Crime minister equates Newcastle pubs and clubs to 'polluters'

Crime prevention minister Norman Baker has praised Newcastle for introducing a 'late night levy' which targets the city's 'polluters'

Claire McKie Crime prevention minister Norman Baker speaks at Newcastle Civic Centre
Crime prevention minister Norman Baker speaks at Newcastle Civic Centre

Crime prevention minister Norman Baker has compared Newcastle’s pubs and clubs to polluters damaging the environment.

Visiting the city after the city council became the first authority in the country to introduce a “late night levy” on alcohol-serving establishments open beyond midnight, the Lib Dem MP said it was right that the “polluters pay” principle was applied to the evening economy.

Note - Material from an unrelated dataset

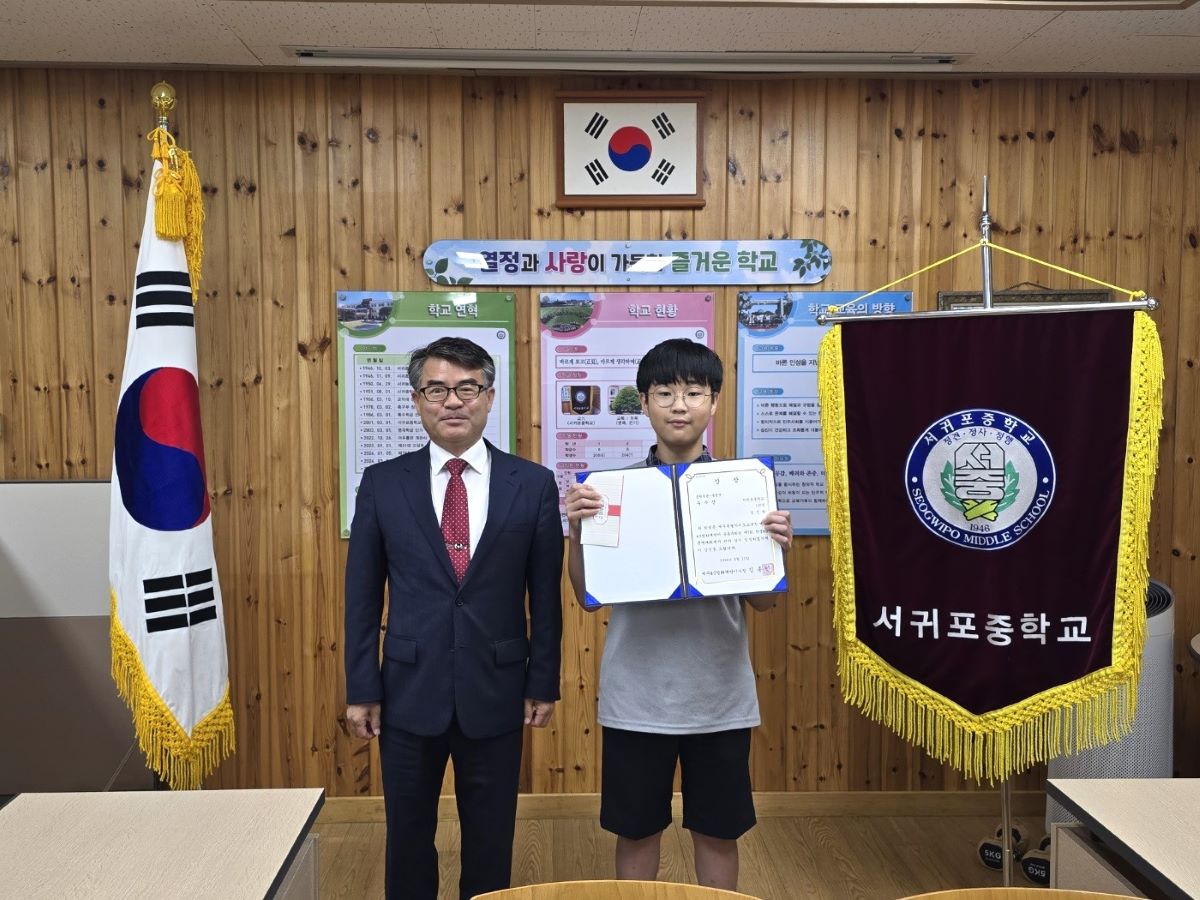 서귀포중학교(교장 고성무)는 지난 4일 제7회 4·3 문예대회에 참가한 1학년 강진형 학생이 우수상을 받았다고 밝혔다.
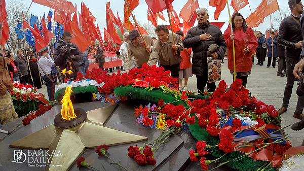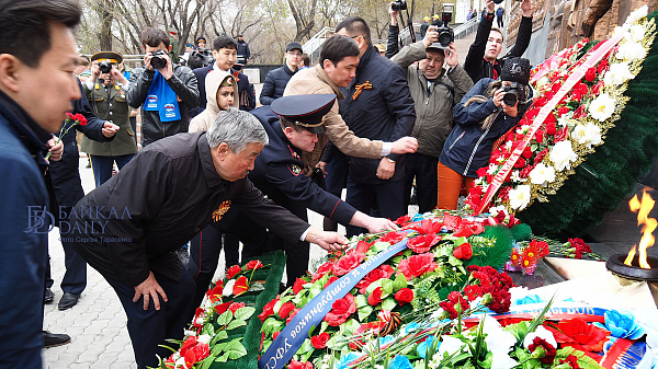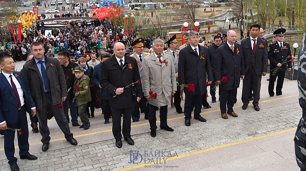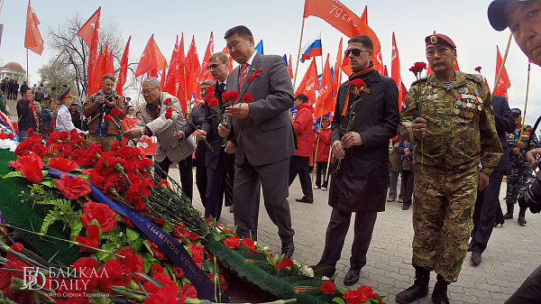 Затем к Мемориалу понесли десятки венков - от правительства Бурятии, администрации города, УФСБ, МВД, УФСИН, налоговой службы, общественных организаций, партий и пр. Официальные лица возложили цветы к Вечному огню. Поддерживаемые близкими и волонтёрами, путь от подножия к памятнику с цветами преодолели и сами ветераны.

“Generally, my view is that a safer and cleaner environment city is in the interests of both the city and traders,” said Mr Baker, who praised the “bravery” of Newcastle in introducing the new fee first. “Of course I want to see a vibrant city centre but people need to enjoy themselves in a responsible way.

“I used to be environment and there was the idea of polluters paying and it’s the same here. It’s a charge, but what alternative is there – it’s licensees social duty to help in the interests of everyone. Nobody likes to go first and I guess that a lot of councils are waiting to see what happens here. But if it’s a success, as I think it may well be, then others will follow suit.”

Mr Baker said an £11bn alcohol-related health bill, both for accident and emergency services, and care for the longer-term effects of excessive drinking, showed landlords should be contributing more.

But he rejected suggestions that the amount of alcohol supermarkets sell should have seen some form of similar levy brought against them, and dismissed the argument that pubs and clubs are already paying enough.

“I don’t think business rates should pay for these things because not all rateable properties are generating anti-social behaviour in the same way that those which contribute to excessive consumption of alcohol do,” he said.

The minister’s comments drew fury from the city’s pub sector. Chair of the city’s Pubwatch scheme Damian Conway said: “We’re certainly not ‘polluting’ our environment in any way, shape or fashion. 19.2m people visited the region as tourists last year and a large proportion came because of the vibrant nightlife we have through bars, theatres, restaurants and cinemas. And that vibrant city centre generated £350m in income.

“Central government needs the 20% VAT that we pay them, alongside paying corporation tax, business rates, BID fees towards NE1 and now the late night levy. My question to the minister would be this: We pay all that, but where does it end? Would he like the shirt from my back?

“In the square mile of the city centre the daily average number of crimes is 18. That’s all day and all night. Where is the crime wave? I can’t find it.”